▸ Information provided
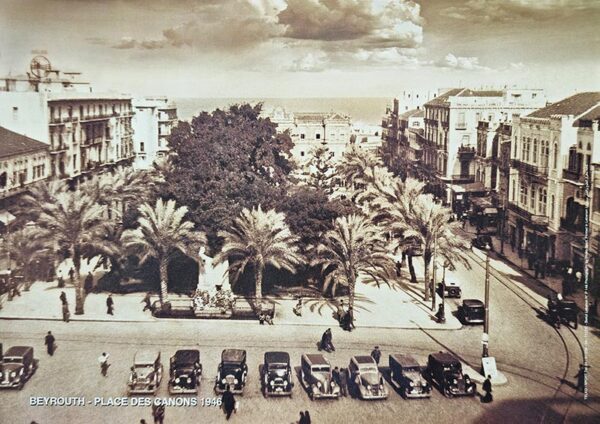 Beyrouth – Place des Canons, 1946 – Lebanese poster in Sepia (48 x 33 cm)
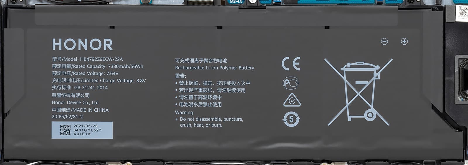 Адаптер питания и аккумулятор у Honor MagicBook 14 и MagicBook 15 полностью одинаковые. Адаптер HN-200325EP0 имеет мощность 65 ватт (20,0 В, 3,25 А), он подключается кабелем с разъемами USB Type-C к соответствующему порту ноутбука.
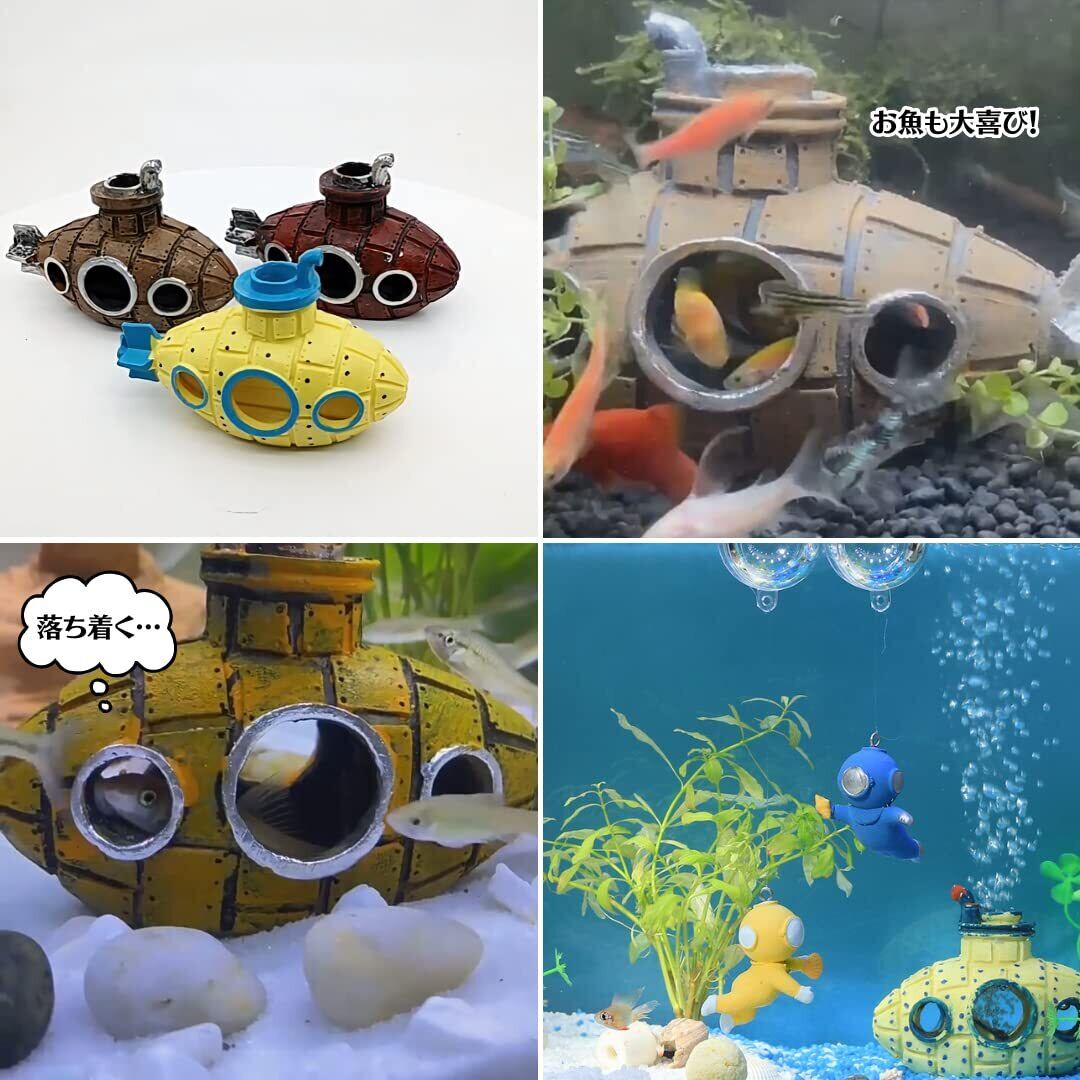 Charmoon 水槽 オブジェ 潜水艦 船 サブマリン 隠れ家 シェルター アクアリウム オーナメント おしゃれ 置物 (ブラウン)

▸ Exercise description
Apart from the images, retype the full material exactly as written.

▸ The completed task
 Beyrouth – Place des Canons, 1946 – Lebanese poster in Sepia (48 x 33 cm)
 Адаптер питания и аккумулятор у Honor MagicBook 14 и MagicBook 15 полностью одинаковые. Адаптер HN-200325EP0 имеет мощность 65 ватт (20,0 В, 3,25 А), он подключается кабелем с разъемами USB Type-C к соответствующему порту ноутбука.
 Charmoon 水槽 オブジェ 潜水艦 船 サブマリン 隠れ家 シェルター アクアリウム オーナメント おしゃれ 置物 (ブラウン)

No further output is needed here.